# Simplex Servi Cycles.  Made in New Orleans



## mikecuda (Feb 2, 2021)

I recently bought two early 1940's carcasses to bring back to life.  I'm buying hard to find parts from guys throughout the Country.  Also, Wayne down in Alabama has the good reproduction items.
I'll post up on this thread as I move forward.


----------



## whizzerbug (Feb 2, 2021)

your off to a great start ,the only motorbike made in the south keep us posted on your progress


----------



## Big Moe (Feb 2, 2021)

FUDGE, I REALLY WANT ONE OF THOSE.


----------



## mikecuda (Feb 3, 2021)

Big Moe said:


> FUDGE, I REALLY WANT ONE OF THOSE.



I wanted one for 20 years.  Two recently came into my life unexpectedly and they were local within 1 hr. from my house.  Insane!   I'll be working hard on them to make them stellar.  I'm installing the Predator 212cc engine with the Hemi head and the Stage 1 performance kit.  It should go close to 50 mph, but I plan to just cruise on them.  Too much time and money invested in them to wreck them.  There are good you tube video out there.  Check them out.


----------



## mikecuda (Feb 3, 2021)

whizzerbug said:


> your off to a great start ,the only motorbike made in the south keep us posted on your progress



Check the you tube videos out using the Predator 212cc engine in them.  Fairly easy.


----------



## New Mexico Brant (Feb 3, 2021)

Look forward to seeing the progress Mike.  Congratulations.


----------



## mikecuda (Feb 3, 2021)

The original rear rack just came in from a guy down South and a new seat is coming in this week.     BTW   Here is the engine adapter plate Wayne makes for the predator engines. The two long ears on the plate are to mount the jackshaft for the belts.


----------



## sworley (Feb 3, 2021)

My co-worker and her husband have two of them. Got one and the other just happened along shortly after. Sounds like how vintage bikes multiply!


----------



## mikecuda (Feb 3, 2021)

Love it.   I always wanted one.  I'm on a mission in 2021.         More updates to follow as I move forward on both bikes.  I gotta get my other love done.  Fresh out of the restoration shop with new metal and paint.  1 of 208 made in 1969.


----------



## mikecuda (Feb 3, 2021)

sworley said:


> My co-worker and her husband have two of them. Got one and the other just happened along shortly after. Sounds like how vintage bikes multiply!
> 
> View attachment 1350501



I scored an original headlight recently.  Those 4" headlights really make the bike pop!      I'm going to put one of these on the back end.


----------



## mikecuda (Feb 3, 2021)

Big Moe said:


> FUDGE, I REALLY WANT ONE OF THOSE.



There is a frame on Ebay right now.


----------



## Big Moe (Feb 3, 2021)

There's 2 actually. Kinda thinking I'd be better off with a complete bike.


----------



## cyclingday (Feb 3, 2021)

Cool bikes!
There was a guy who used to run around town on one of those, that he put a Kohler engine in.
It zipped around pretty good.
There was an original Simplex that sat in a hardware store here for years.
I’m not sure, if it was for sale or just for display.
I always liked the look of the frame on those.
Very clean, purposeful design.
I’ll be looking forward to your progress reports.
Thanks for posting.


----------



## Freqman1 (Feb 4, 2021)

I always thought these were cool looking. Just curious what does a complete, running bike go for? V/r Shawn


----------



## mikecuda (Feb 4, 2021)

Freqman1 said:


> I always thought these were cool looking. Just curious what does a complete, running bike go for? V/r Shawn



$2,500-$5,000        There was one on Ebay recently.  Check closed ebay auctions to see them.


----------



## Freqman1 (Feb 4, 2021)

mikecuda said:


> $2,500-$5,000        There was one on Ebay recently.  Check closed ebay auctions to see them.
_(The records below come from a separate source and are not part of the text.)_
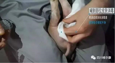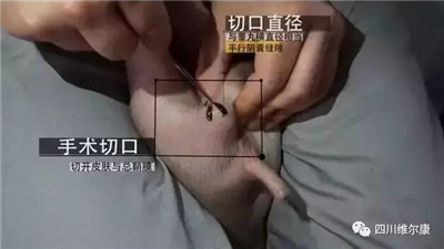 3、消毒后在靠近阴囊底部后三分之一处,平行阴囊缝隙1CM左右划开皮肤与总鞘膜,切口直径要与睾丸横径相当。
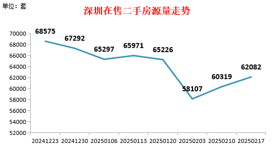根据公开在售二手房源量数据统计,截至2025年2月17日,全市共有62,082套有效二手房源在售,较上周增加1,763套。其中龙岗较上周增加422套,有效在售16,346套,宝安较上周增加299套,有效在售10,990套,南山较上周增加293套,有效在售10,808套。
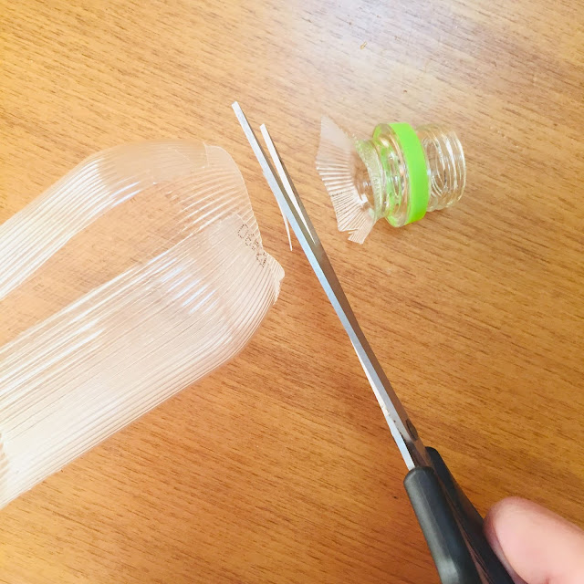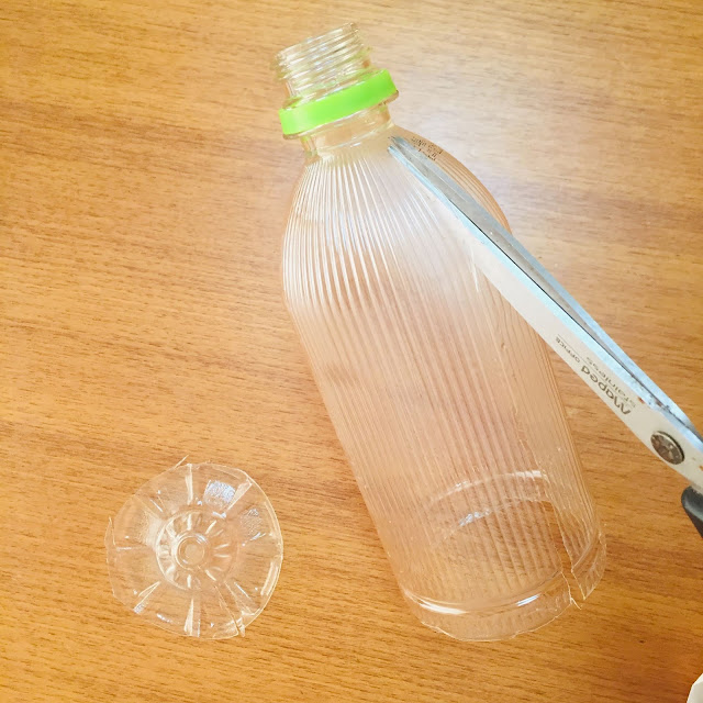 3. Cutaway the bottom portion of the plastic bottle. Cut across (turning it into a curved sheet) to make it easier to work with.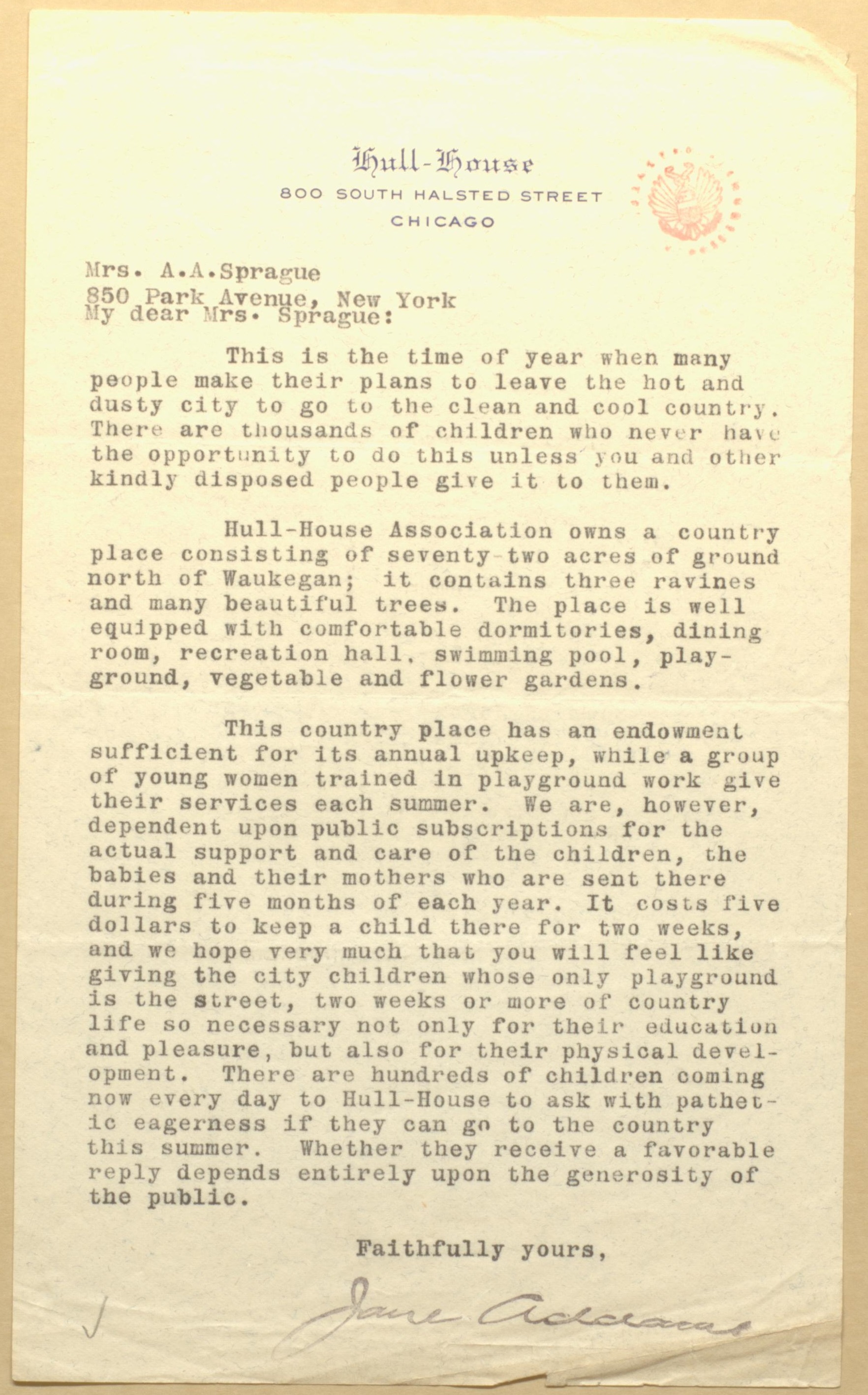 This country place has an endowment sufficient for its annual upkeep, while a group of young women trained in playground work give their services each summer. We are, however, dependent upon public subscriptions for the actual support and care of the children, the babies and their mothers who are sent there during five months of each year. It costs five dollars to keep a child there for two weeks, and we hope very much that you will feel like giving the city children whose only playground is the street, two weeks or more of country life so necessary not only for their education and pleasure, but also for their physical development. There are hundreds of children coming now every day to Hull-House to ask with pathetic eagerness if they can go to the country this summer. Whether they receive a favorable reply depends entirely upon the generosity of the public.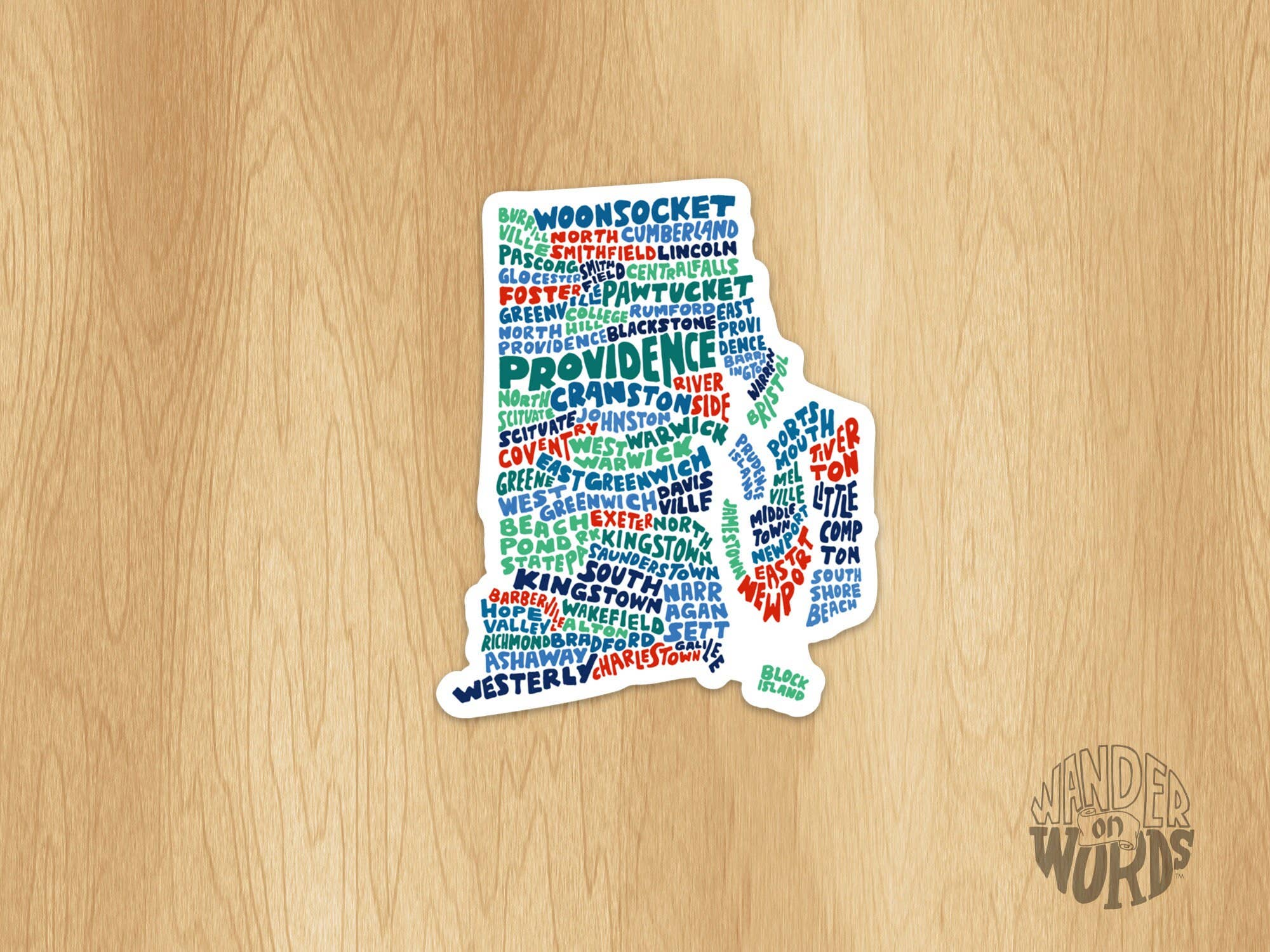 Carte du Rhode Island lettrée à la main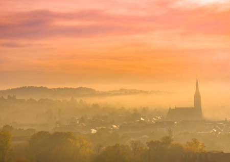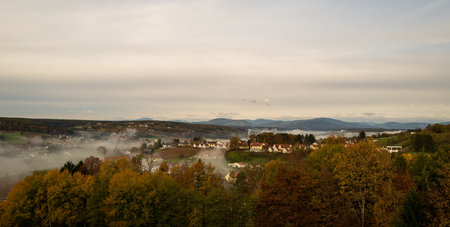 Small town village during the sunrise with fog. surrounded by hills in lower austria. Aerial drone photo
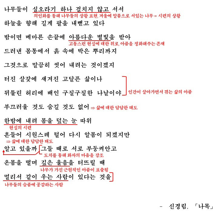 이 '나목'을 통해 시인이 어떤 의미를 전달하고 있는지를 생각하며 시를 감상한 후 해석을 통해 학습해보도록 합시다.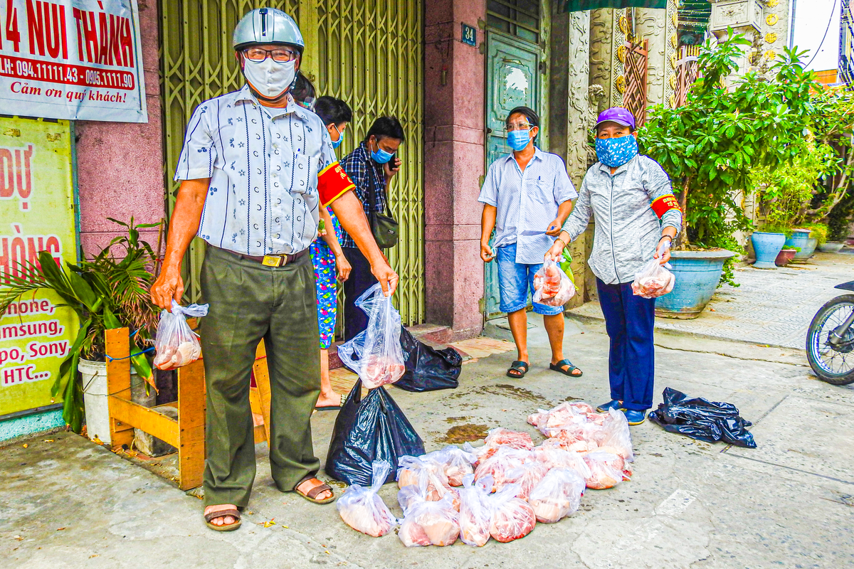 Nhiều tổ dân phố còn cung ứng miễn phí thịt heo tươi cho các hộ khó khăn. Trong ngày 23 và 24/8 người dân nhiều khu vực ở Đà Nẵng thật sự vui mừng khi được tổ dân phố, tổ Covid-19 cộng đồng phân phối thịt heo tươi, bánh mỳ và rau muống – thực phẩm quen thuộc trong đời sống, sinh hoạt hàng ngày.

Can you build one from the frame up for that? V/r Shawn


----------



## mikecuda (Feb 5, 2021)

Freqman1 said:


> Can you build one from the frame up for that? V/r Shawn



I think you could.  Org. parts are out there, and Wayne in Alabama is the expert and resource for org. and repop parts on these bikes.    Wayne is a super great guy and always willing to help with answering questions or give advice to all owners.


----------



## whizzerbug (Feb 5, 2021)

does wayne have a web site?


----------



## mikecuda (Feb 5, 2021)

whizzerbug said:


> does wayne have a web site?



I can give you his direct phone number.  Tell him Mike in PA said hello and I'll be placing an order with him.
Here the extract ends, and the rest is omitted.